This is your SolarWakeup for November 12th, 2019

Out Of One, Come Two. Yesterday Sunpower announced that the company will be splitting into two separate entities. By bringing in $298mm in new capital into the module manufacturing business, Maxeon Solar is born. Maxeon will take over the manufacturing side of the Sunpower business, based in Singapore, and trade on the NASDAQ. The $298mm investment comes at a valuation of ~$1bb and is made by China’s TZS Zhonghuan Semiconductor. The transaction was unanimously approved by the board and is expected to spin off in Q2 2020. Maxeon will retain exclusive supply to Sunpower in the US and Canada. For more on this transaction, Sunpower was kind enough to explain it all in this presentation.

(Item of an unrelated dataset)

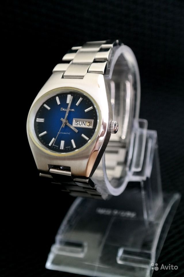 Часы швейцарские BULOVA механика,автоподзавод , полностью рабочие.Часовые метки полированы,стекло не пластик.На циферблате swiss made есть,заводная коронка родная с логотипом,браслет тоже.Точность + 8 сек в сутки.
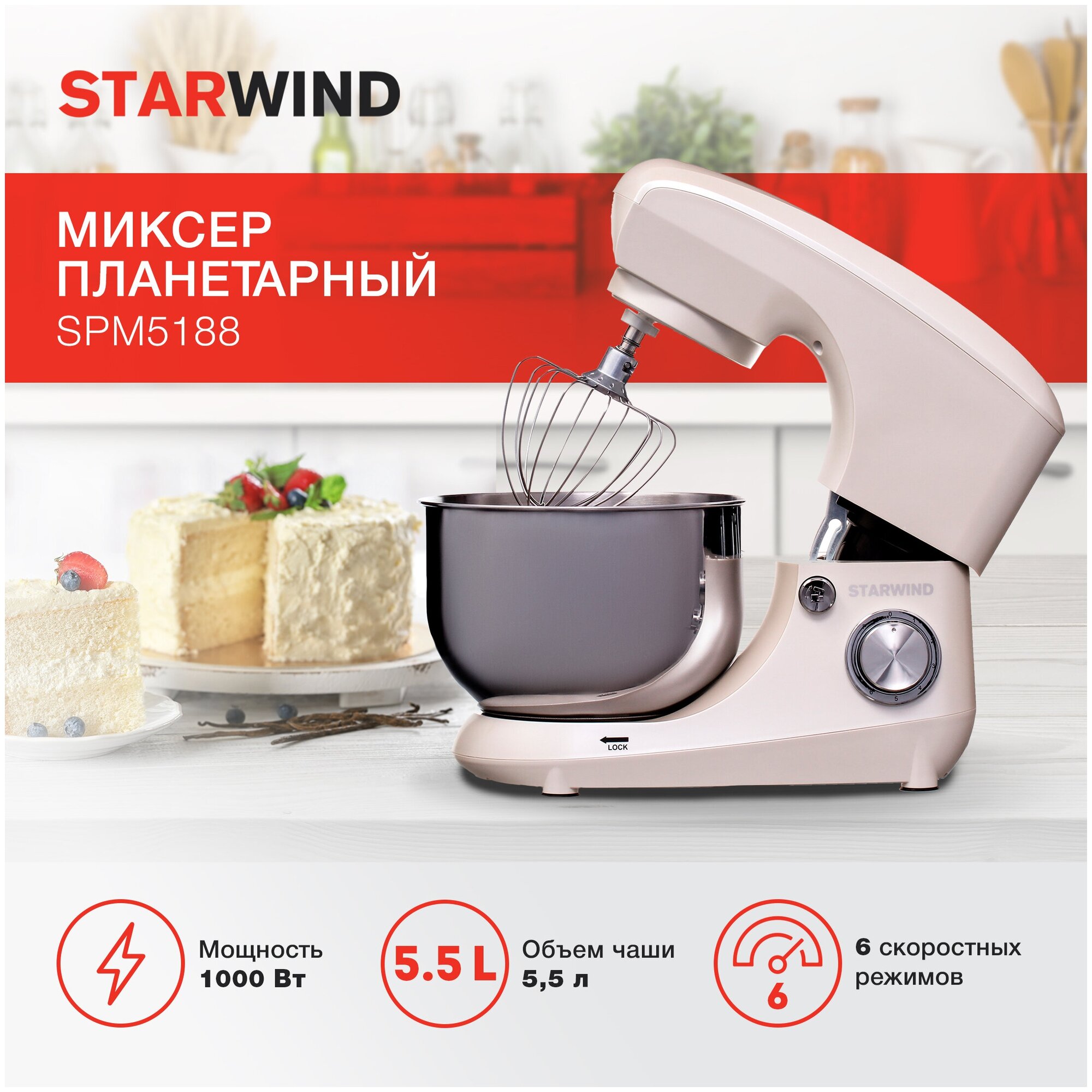 Планетарный миксер Starwind SPM5188, 6 скоростей, 1000 Вт

The Downstream Play. Sunrun, Vivint Solar and Sunnova have a new publicly listed competitor. Sunpower is now fully committed to the DG segment. Slide 31 of the above presentation shows that we are thinking the same thing. Sunpower is also telling shareholders that they think they should be valued closer to $3bb from the $1bb they are currently trading at which is the entire purpose of this split. Sunpower has a tremendously loyal dealer network that co-brands their companies as ‘by Sunpower’ which is a powerful marketing tool. There is still some work to be done but in a world where module and inverter supply is constrained, Sunpower dealers now have priority supply agreements with Maxeon and Enphase.

Changing New Home Solar. Here is the scoop about the work around that the utilities and some home builders are trying when it comes to the new home solar mandate. To start, an important note, home builders have no additional cost to add solar to the new homes. Solar financing companies will cover those costs for the builder and still pass along savings to the new home owners. Through a filing by SMUD, they are attempting to let home builders achieve the requirement for solar by allocating the homes to solar farms labeled as ‘community solar’ well away from the community. This will in no way help achieve more distributed generation and allow the future of micrograms to be built out. As the California Energy Commission votes on this proposal on Wednesday, it appears that the California home builders association is split on this. One of the largest homebuilders, Lennar, is against this broad proposal to eliminate the rooftop solar mandate and is expected to speak out against it at the hearing.